In some embodiments, the first and second openings 250 and 255 are sealed until the force 230 is applied to the exterior surface 211a of the inflatable body 210 and the first and second membrane layers 220a and 225a rupture. The first and second openings 250 and 255 remain substantially small (or sealed) until the inflatable body 210 reaches a predetermined size such that the first and second substances do not escape the inflatable body 210 and/or the chemical reaction is ended before completion. Substantially small, in some implementations, means that the first and second openings are air or fluid cannot escape via the first and second openings 250 and 255. In some embodiments, the predetermined size is at least three fourths (¾) of the total size of the inflatable body 210. Alternatively, in some embodiments, the self-inflating cuff 200 is packaged in a sealed container that, responsive to the force 230 being applied to the sealed container, cause the inflatable body to expand and, once expanded, the sealed container can be broken and the self-inflating cuff 200 removed from the sealed container.

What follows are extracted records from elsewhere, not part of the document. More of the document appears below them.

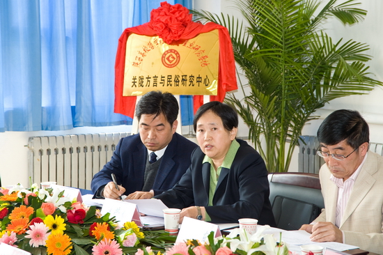 副院长赵荣侠教授在致词中,首先对应邀光临基地的学术委员会专家表示热烈的欢迎和衷心的感谢,接着介绍了基地成立的背景和方向设置情况以及对我院学科建设的意义,最后对基地的研究人员和学术委员会提出了几点希望和要求:一是希望基地科研人员充分把握这一发展机遇,潜心治学,锐意创新,在高层次科研项目、高层次科研成果和高层次科研奖项上有新的突破,打造科研品牌,培育科研精品,形成鲜明的学术特色,使基地发挥学科建设的助推器作用,成为国内关陇方言民俗研究的重镇。二是希望基地负责同志加强基地内部管理,建立健全相关制度,将科研工作和人才队伍培养相结合,促进科研成果向教学层面转化,使关陇方言民俗研究中心成为关陇文化研究的基地和相关领域人才培养基地,为关陇地区经济文化发展做出切实的贡献。三是希望学术委员会的各位专家学者今后在学术研究上竭诚指导,对基地的发展规划献计献策;希望大家能以关陇方言民俗研究中心为平台,在关陇地区校际科研交流与合作方面多做工作,共同为关陇地区社会文化发展服务!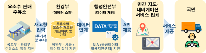 수집된 데이터는 5분마다 갱신되는 공공데이터포털 오픈API로 모든 국민과 기업에 개방 중이며, 이 API를 활용하여 민간의 주요 지도‧내비게이션 서비스*와 오피넷(Opinet) 등에서 주유소별 요소수 판매현황이 표시되고 있다.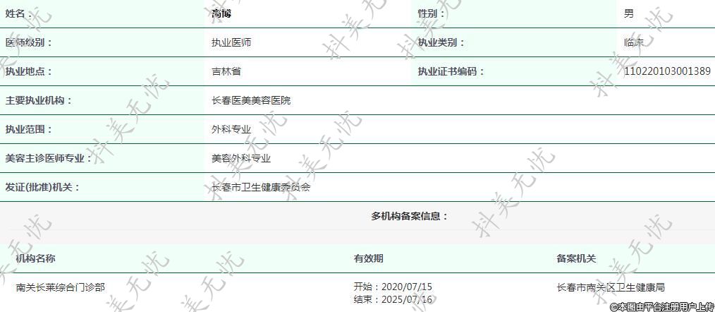 主要執(zhí)業(yè)機構(gòu):長春醫(yī)美美容醫(yī)院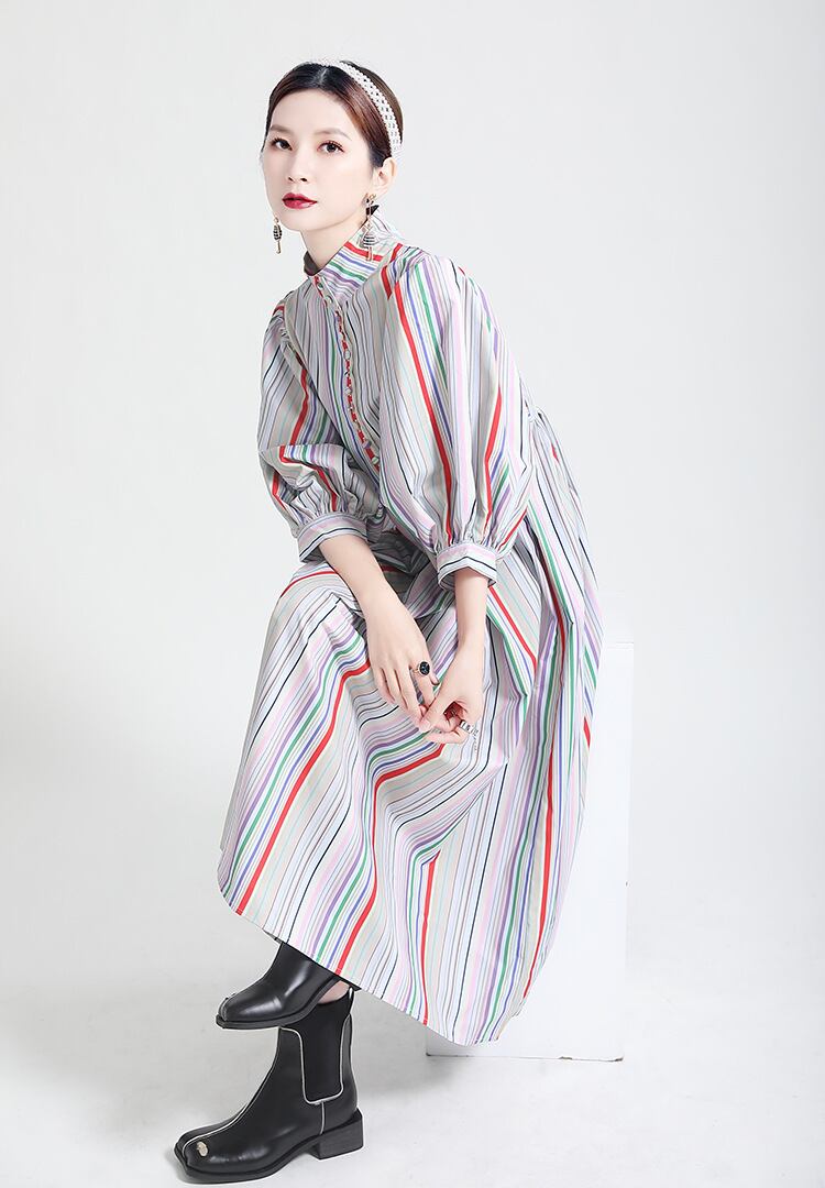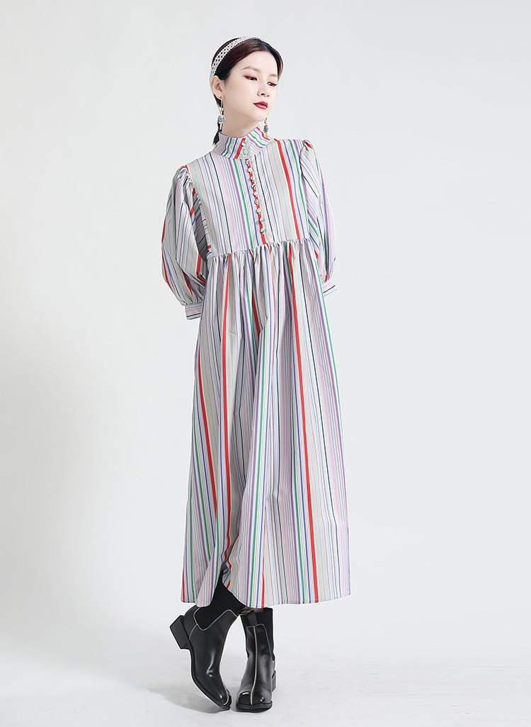 スタンドカラーがポイントのマルチストライプのワンピースです。スタンドカラーやスリーブなど細かいところまでスタイリッシュ。1年を通して、幅広いスタイリングが楽しめます。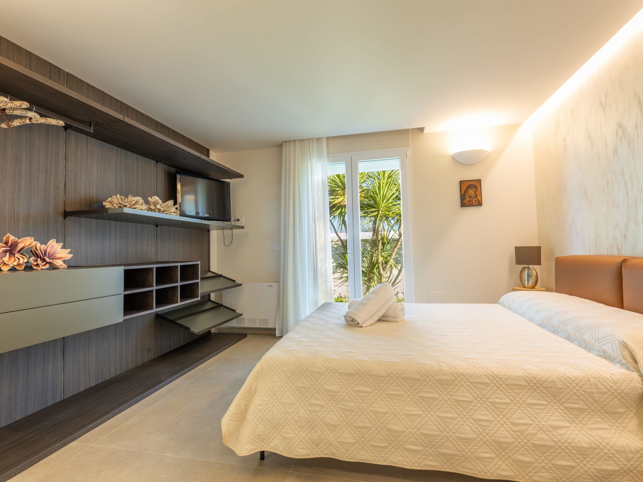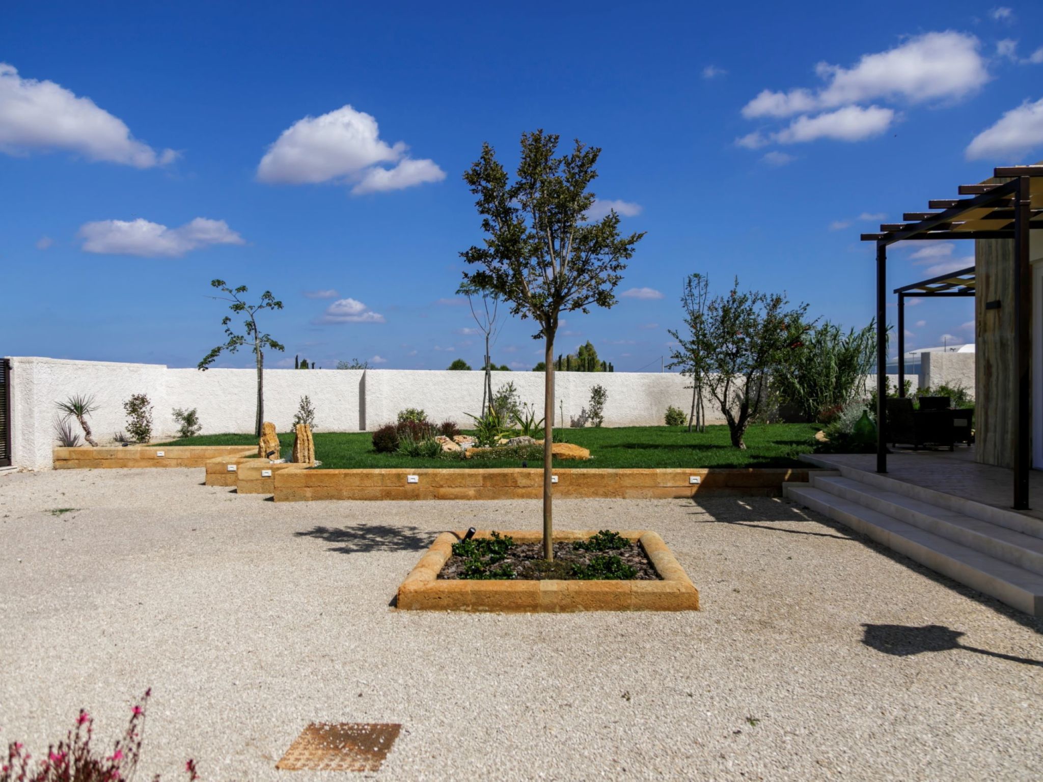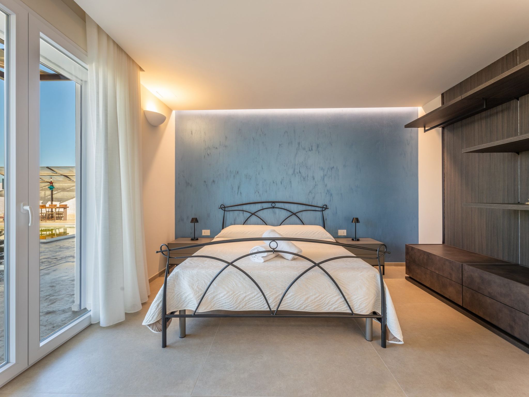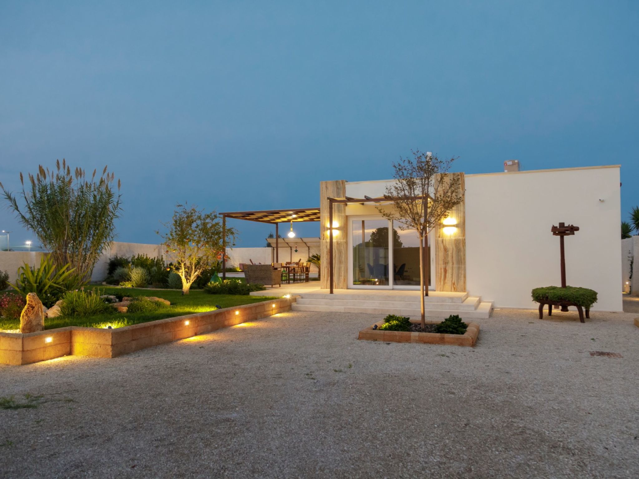 Modern, luxurious villa "Incoronata New Dependance", built in 2024, surrounded by trees and fields. 1 km from the centre of Nardò-Città del Barocco Leccese, 15 km from the centre of Gallipoli, 24 km from the centre of Lecce, in a quiet, sunny position, 3 km from the sea, 3 km from the beach, in the countryside. Private: property (fenced), large, beautiful, well-kept garden 1'200 m2 (fenced) with flowers and trees, lawn for sunbathing, swimming pool with privacy (4 x 10 m, depth 50 - 140 cm, seasonal availability: 01.Apr. - 30.Oct.). WC in the pool area, outdoor shower, pergola, garden furniture, barbecue, pool maintenance by the owner/gardener. In the house: burglar alarm system. Linen change (suppl. charge extra). Towel change (suppl. charge extra). Parking at the house. Grocery, supermarket 700 m, restaurant 3 km, bar 3 km, bakery 3 km, bus stop 700 m, railway station "Nardò" 3 km, sandy beach "Santa Caterina" 3 km, rocky beach "Porto Selvaggio" 3 km. Tennis, sports centre 350 m. Nearby attractions: Melpignano - Città della Taranta 40 km, Otranto 60 km, Santa Maria di Leuca-Punta Sud Puglia 60 km, Alberobello 143 km, Polignano a Mare 149 km, Matera 162 km. Hiking paths: Parco Naturale Porto Selvaggio 25 km, Parco Naturale Terra delle Gravine 119 km, Grotte carsiche di Castellana 155 km. Please note: car recommended. Property ref. IT6770.810.1 is situated on the same property.
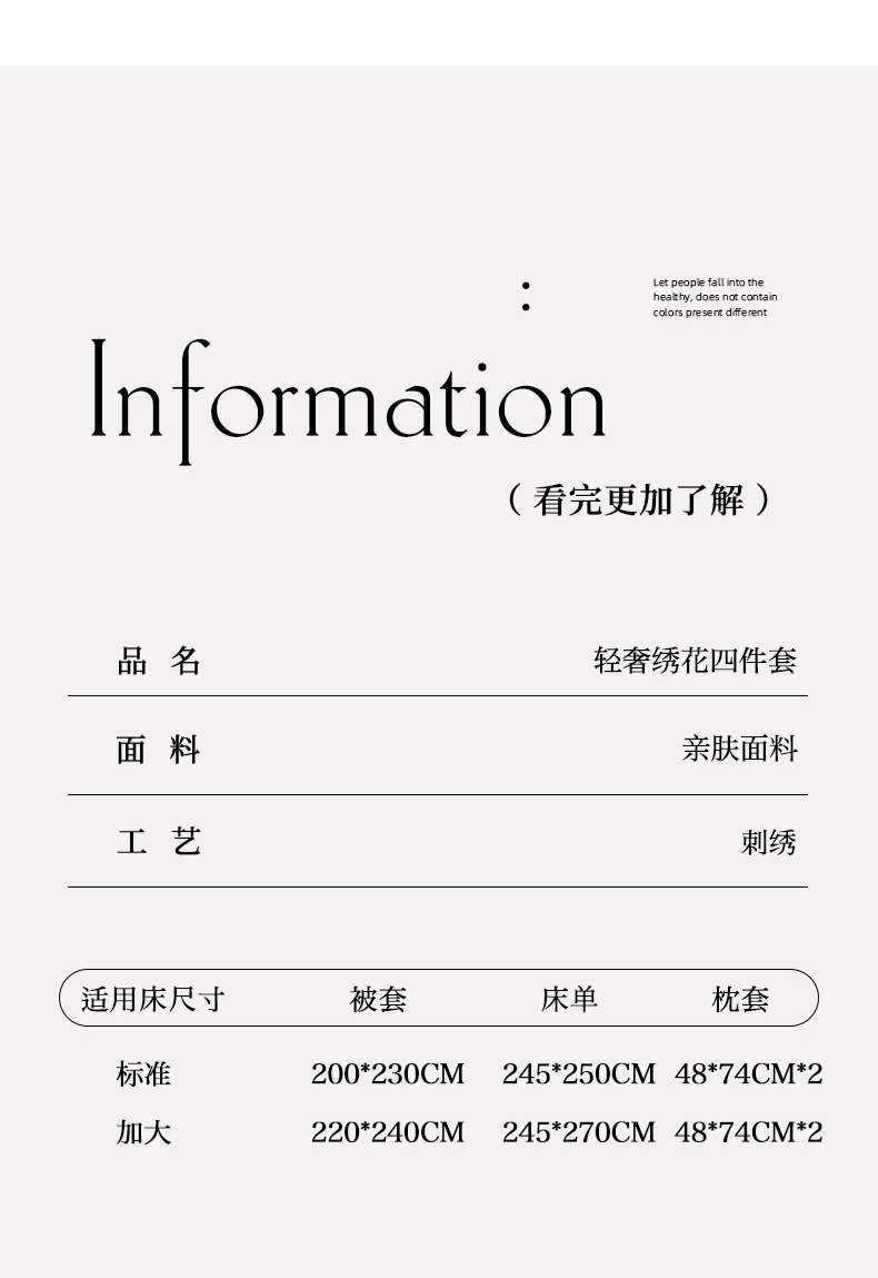 (总)金纱玉纺家纺 2024新款百分之百全棉新款轻奢刺绣四件套,恬静时光-灰,恬静时光-蓝,恬静时光-浅粉,恬静时光-浅紫,恬静时光-棕,沉漫星空-粉玉,沉漫星空-灰绿,沉漫星空-蓝,沉漫星空-浅紫,沉漫星空-棕,沉漫星空-棕灰,叶香风暖-粉玉,叶香风暖-灰绿,叶香风暖-兰,叶香风暖-浅紫,叶香风暖-棕,叶香风暖-棕灰

The force 230 (e.g., to break a compartment(s)) can be a compression force (e.g., forces 230a and 230b) applied to a first end 212 and a second end 214 (opposite the first end 212) of the inflatable body 210. For example, a medical practitioner can compress (e.g., squeeze) the first end 212 and the second end 214 of the inflatable body 210 between their hands to apply compression forces 230a and 230b, press down on the first end 212 or the second end 214 of the inflatable body 210 against a surface (e.g., a table, a wall, etc.), etc. Alternatively, in some implementations, the force 230 is a tension force (represented by multidirectional arrows 230a and 230b) applied to a first end 212 and a second end 214 of the inflatable body 210. For example, a medical practitioner can pull the first end 212 and the second end 214 of the inflatable body 210 in opposite directions. In some embodiments, the force 230 is a lateral force can be applied to the inflatable body 210 the first end 212 and the second end 214 of the inflatable body 210. Alternatively, in some implementations, the force 230 is applied to the sides 216 and 218 of the inflatable body 210. The above examples are non-limiting, any force that ruptures the first and second membrane layers 220a and 225a can be used.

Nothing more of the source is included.